› Por María Rosa Lojo
La idea de este cuento surgió hace muy poco, en la última Feria del Libro de Guadalajara. Varios escritores compartíamos la cena en el hotel y hablábamos, cuándo no, de libros. La conversación recayó en Lucio V. Mansilla. Con semejante disparador, no pude parar.

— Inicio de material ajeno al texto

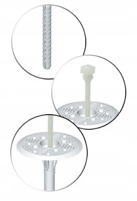 Kołki do styropianu Łącznik wbijany z trzpieniem tworzywowym z długą strefą rozpierania LFN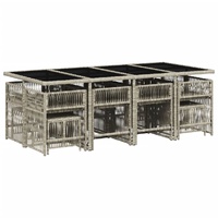 This garden dining set is a great choice for al fresco dining or just relaxing in the garden, backyard, or patio. Durable material: PE rattan, also known as poly rattan, is a strong, low-maintenance synthetic material that looks like natural rattan. It's lightweight, easy to clean, and commonly used for outdoor furniture due to its durability and weather-resistant properties.Compact storage: These chairs have a flap backrest that can be folded down, making it easy to store them under the table. When folded, they neatly fit under the table, forming a space-saving cube shape.Comfortable seat experience: This outdoor furniture, complete with thickly padded cushions, offers a comfortable seating experience.Removable and washable cover: These seat cushions feature removable covers for easy washing and maintenance. The cushion covers have a flap at the back for easy attachment to the backrests.Glass tabletop: The outdoor table's top is made from strong and durable tempered glass, making it easy to clean with a damp cloth and adding a touch of elegance to your outdoor space. Good to know:To make sure your outdoor furniture stays beautiful, we recommend protecting it with a waterproof cover.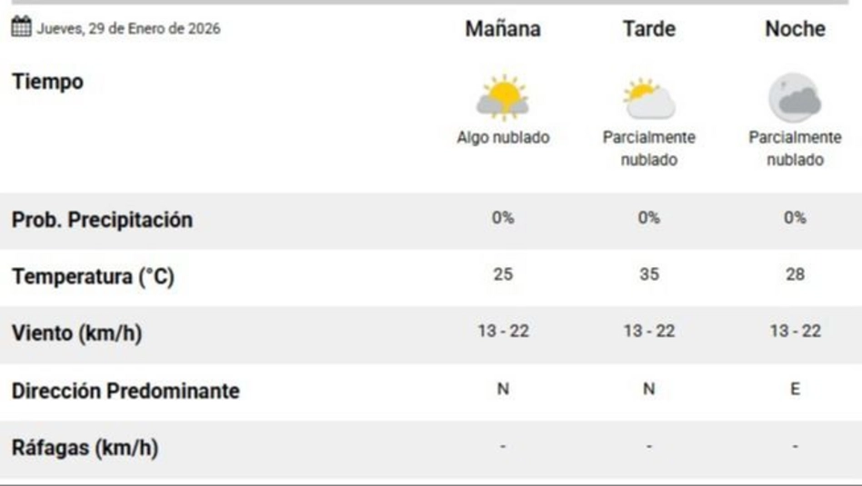 Según el SMN (en el pronóstico actualizado a las 6.13 horas), para este jueves 29 de enero en Santa Rosa la la temperatura mínima es de 22ºC, mientras que la máxima se ubicará en los 35 grados. El calor brota por todos lados. Silencioso. En el aire, en la tierra, en las paredes, en el agua de la canilla, todo es calor. El cielo estará parcialmente cubierto durante toda la jornada. No se sentirá el viento. Ni una gota. Ni una brisa. Nada. Solo calor. La humedad para la jornada del día de hoy es del 91%.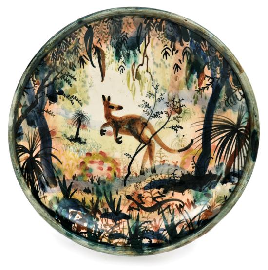 The flattened earthenware dish displays a vivid Australian landscape scene of native flora and fauna, incised AMB to verso, 22cm diameter.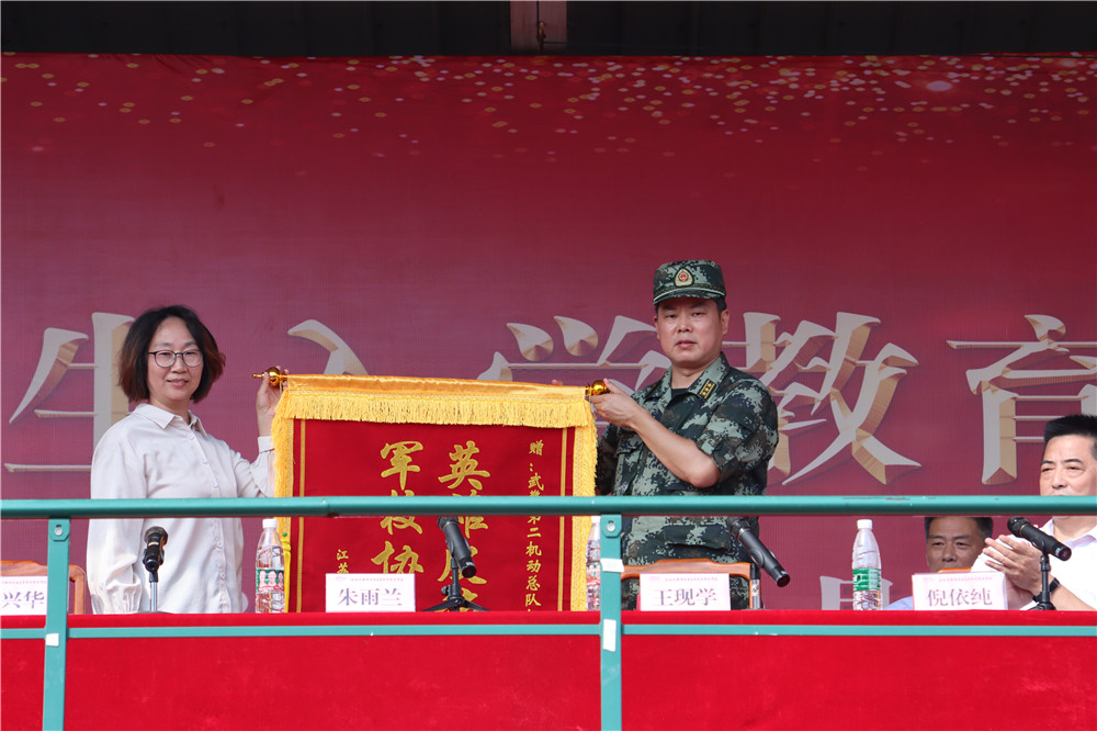 党委副书记朱雨兰对承训部队的大力支持表示感谢,向承训部队赠送了印有“英雄皮旅展英魂 军校协同育栋梁”的锦旗。她充分肯定了2021级新生的入学教育成果,并指出,同学们展示出了严明的纪律性和良好的团队意识,亮出了入学以来的第一张漂亮的成绩单,完成了大学第一课。对于同学们如何走好青春第一步,扣好步入无锡交校的第一粒扣子,朱书记提出了四点希望,一是怀揣梦想,志存高远。二是修身立德,勤于自省。三是精技强能,提高本领。四是强身健体,打牢基础。她还希望同学们能够发扬老黄牛精神,“勤”字当头,“不待扬鞭自奋蹄”,砥砺筑梦,铭记责任,把青春写在开云手机客户端、写在无锡、写在祖国的大地上。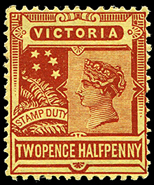 ![]() 2½d (2/6) brown Queen Victoria with CTO Melbourne date stamp of 22 October 1897 - First Day of Issue. |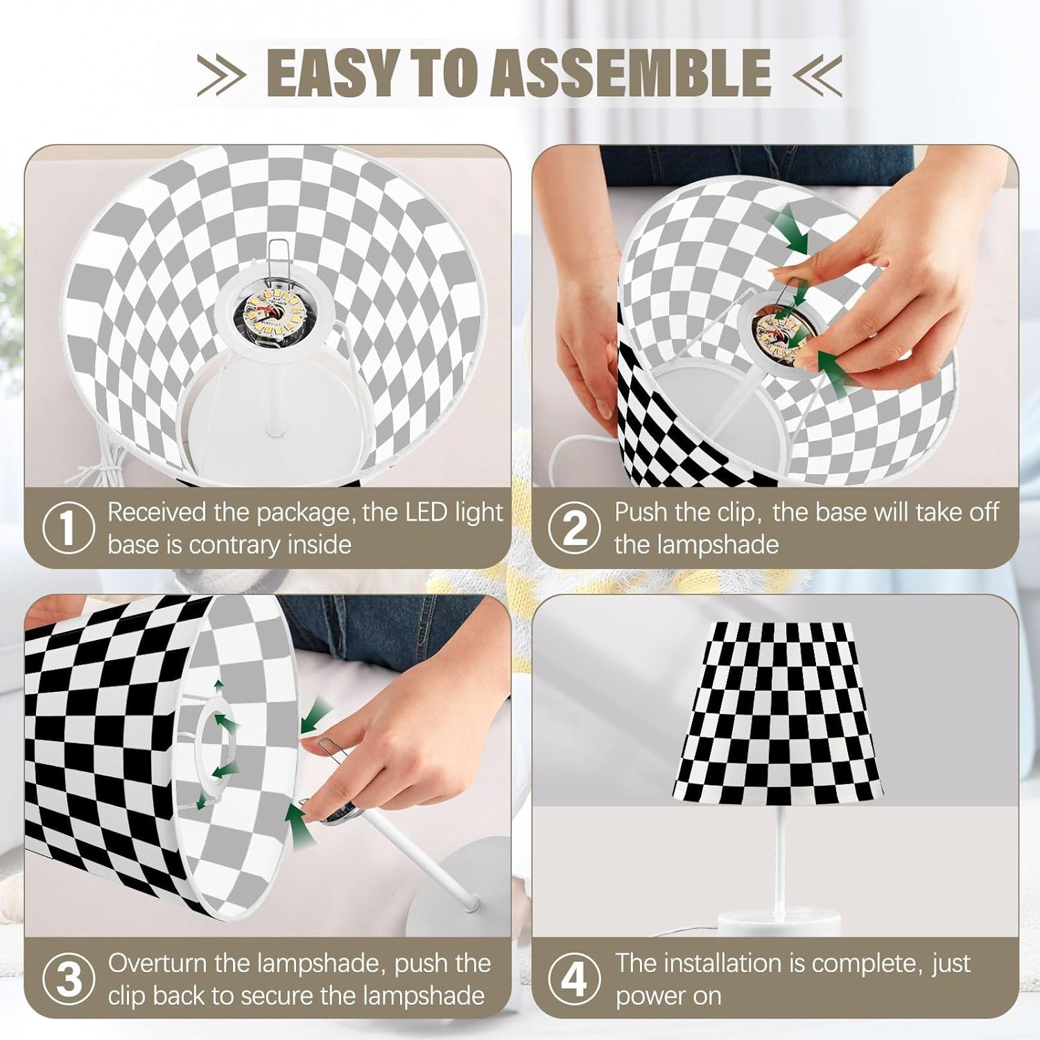 ALAZA Farmhouse Table Lamp for Bedroom, 3-Way Dimmable Table Lamp with Fabric Shade, Beside Lamps Modern Nightstand Lamp with USB Port for Home Desk Bedroom Kids Room Living Room Office Dorm Two Size: Small Desk Reading Lamp: 15(lampshade's diameter)X27.5cm/5.9X10.8in, line length 1.3m Large Desk Reading Lamp: 20(lampshade's diameter)X30cm/7.9X11.8in, line length 1.3m Material Linen fabric (lampshade)+LED light (without bulb) with base+USB button cable (non removable) Can used in bedrooms, guest rooms, living rooms, study rooms, boys and girls rooms, offices, desks, etc.【Instructions guide】 The received product lamp holder and lampshade are installed in reverse, so it is necessary to separate the lamp holder and lampshade first. Press and hold the center buckle to separate the lamp holder and lampshade. Place the lampshade in the positive direction, press and hold the center buckle, and install it completely into the circular ring. Connect the USB to the power supply and control the button switch.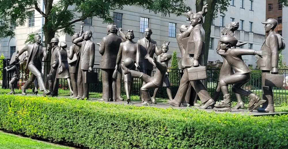 圣保罗教堂对面是保险公司 Manu Life 的总部,其吸睛之处是前面的一组立雕,从左到右有二十来个人物,保险公司各岗位从跑卖保险的到后台支援全都有,算是保险从业人员的一个全家福吧。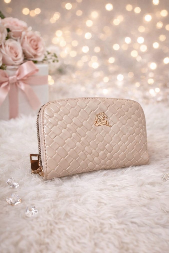 Bej Deri Fermuarlı Kadın Cüzdanı
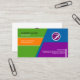 Un bombardement de couleurs multi. Une carte pour vous inciter à se tenir. Un grand trapèze bleu lumineux se repose près du mur droit, se tenant dessus sur votre logo ; directement ci-dessous à une nuance plus foncée de pourpre, sont tous vos détails de contact d'affaires. Ceci est rendu important par un filet blanc venant du plancher de la carte. Près de la section médiane il y a rectangle orange lumineux, rendu élégant par une couche translucide dessous. Dans cet espace, vous faites tenir vos détails personnels de contact, dans la grande estime pour le nom et la fonction juste ci-dessus, à une nuance encore plus lumineuse de vert comme arrière - plan. Au verso, vous avez une option supplémentaire de logo ; vous pouvez télécharger une photo si vous souhaitez ainsi, les dimensions êtes 1,000x1,000pix. Sous le logo sont les détails d'affaires plus une entrée facultative de slogan. C'est un design de carte simple, avec de nombreuses options pour la personnalisation. Bon pour toutes les entreprises et professions.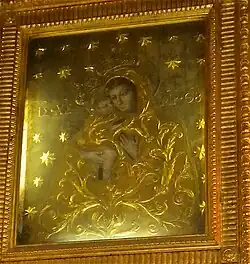 In 1718 an icon of Madonna and child is said to have been discovered under the plaster of a wall in the adjacent sacristy building and the next year it was removed and installed above the main altar of Sts. Sergius and Bacchus at the order of Pope Clement XI (1700–21). The icon is a copy of an icon venerated at a Marian shrine in Zyrowice, a town now in Belarus, known as Our Lady of Zyrowice or Our Lady of the Pasture. That icon is said to have miraculously descended from the heavens in 1480 in the sight of a group of shepherds pasturing their animals. Sts. Sergius and Bacchus in Rome has thereafter also been called Madonna del Pascolo (Madonna of the Pasture).[8][9]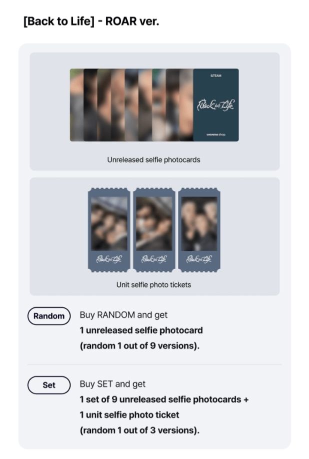 - SET Album Purchase (9 SET): 9ea Selfie Photocard (1set) + 1ea Unit Selfit Photo Ticket (1 random out of 3)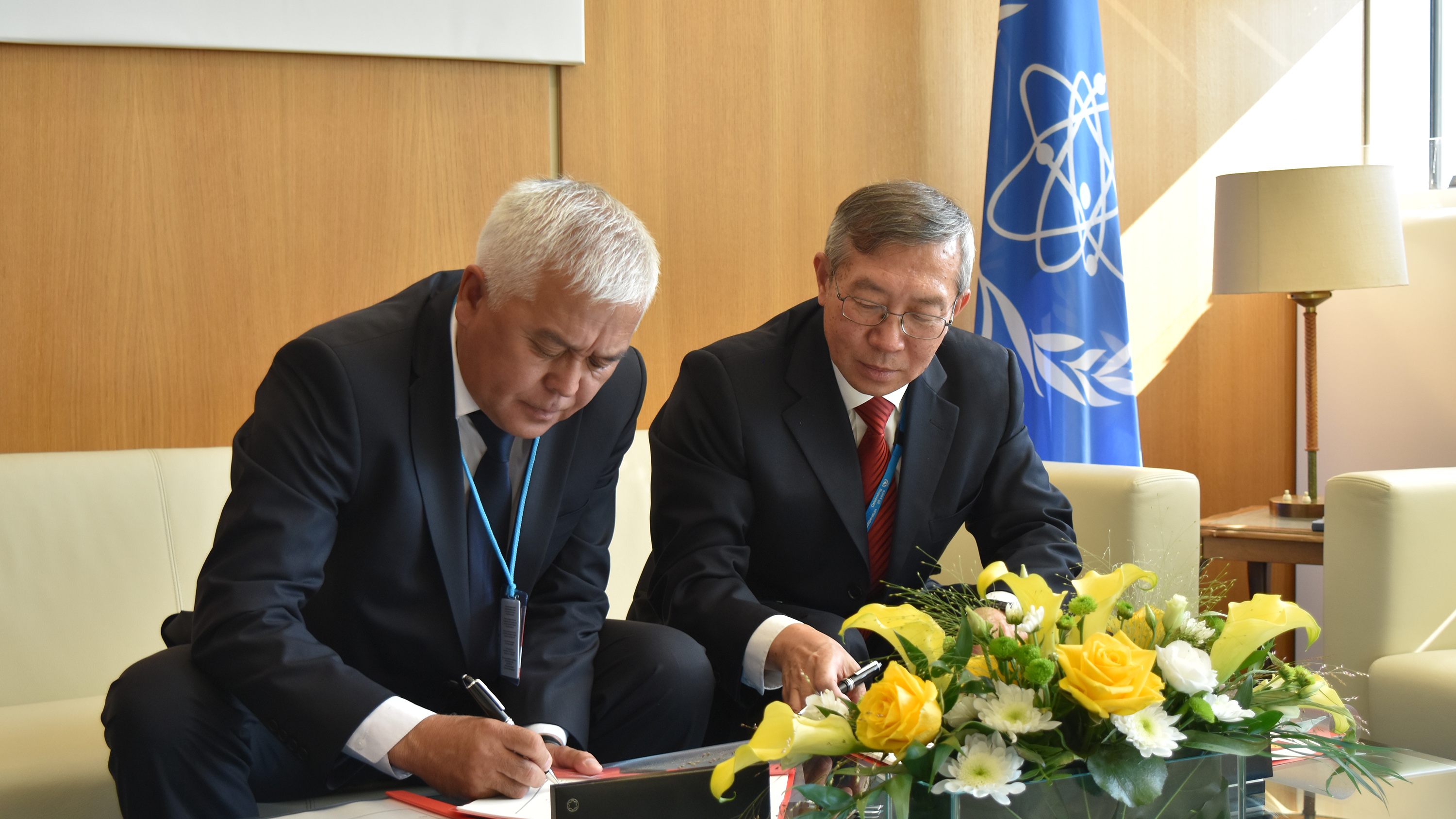 Mr Abdykalyk Rustamov, Director of the State Agency on Environment Protection and Forestry under the Government of the Kyrgyz Republic, and Mr Dazhu Yang, IAEA Deputy Director General and Head of the Department of Technical Cooperation.  (photo C.Karle/IAEA)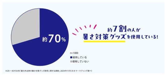 毎年の猛暑対策として、約70%の人が暑さ対策グッズを使用していることが分かりました。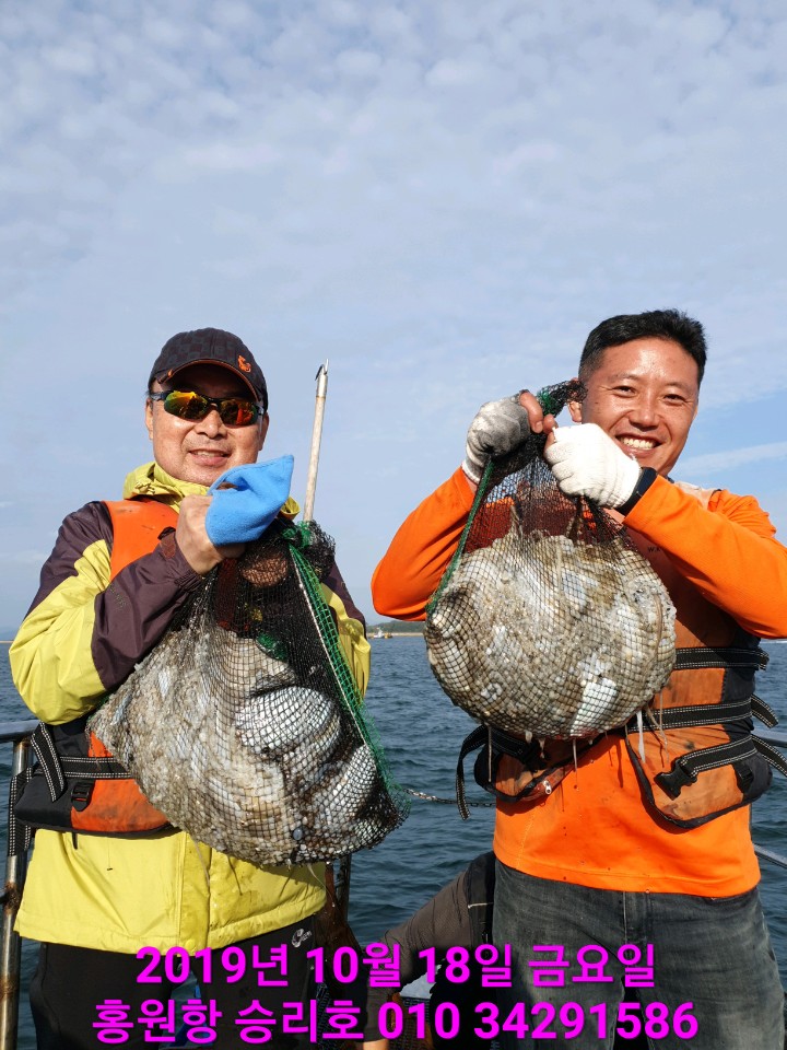 10월17일 홍원항 **요포선단** (승리호) 오늘도 갑&쭈 만~족~한~ 망태기조황입니다!!

Me ocupé del autor de Una excursión a los indios ranqueles (1870) durante años, como investigadora y como autora de ficción. Le dediqué, entre otros textos, mi novela La pasión de los nómades (1994) y publiqué hace poco, con mi equipo, el manuscrito inédito de su Diario de viaje a Oriente (2012). En todo ese tiempo me sucedieron, por culpa de Lucio V., algunas cosas extraordinarias (al menos, fuera de la común y ordinaria rutina de mi vida) y coseché amigos y viajes inesperados. No sólo el que hice en 1992 con mi pequeña familia por la pampa central argentina para que el fantasma de Mansilla, mi personaje, pudiera ver con nuestros propios ojos la Argentina de final de siglo y de milenio. Hubo otra excursión, a las afueras de Sussex, en el sur de Inglaterra, al año siguiente de publicarse la novela.
Habíamos ido a Galicia, con mi marido y nuestros tres hijos, para que conocieran la tierra de mi papá, y especialmente a mi tío Benigno, su hermano casi mellizo, que había estado esperando en vano su retorno después de que el desastroso final de la Guerra Civil lo alejara de España. Pero también contábamos con otra invitación. Cuando apareció en Buenos Aires La pasión de los nómades, empezó mi correspondencia con Eva Gillies, una argentina casada con el médico y entomólogo Mick Gillies. Ella estaba terminando de traducir la obra más difundida de Mansilla y quería conocerme. Nos ofreció hospedaje a toda la familia en su casa inglesa y allá fuimos. No en avión, porque era muy caro para cinco personas. Alquilamos un autito y, como ya era nuestra costumbre, nos lanzamos a la ruta.
Parte de lo que pasó en esa casa se cuenta en este relato, y yo empecé a narrarlo en la cena de Guadalajara. “¿Pero en qué libro tuyo está eso? ¿Dónde lo puedo leer?”, me preguntó el amigo y colega Miguel Vitagliano. “Es que nunca lo escribí”; “¡¡Cómo que no lo escribiste!! ¿Pero qué estás esperando?”. Así, gracias a Miguel, inicié esta historia, filtrada por el caleidoscopio de la ficción. Entre otras cosas, aclaro que los nombres con los que aparecen mis dos hijos mayores son en realidad sus segundos nombres. Y que el más chico no se llama Lucio sino Federico. No porque yo no lo hubiese intentado. Lo propuse a la familia y se votó. Pero perdí por goleada y ésta es, acaso, mi revancha. Aunque el punto de vista desde el que aquí se narra no sea precisamente el mío.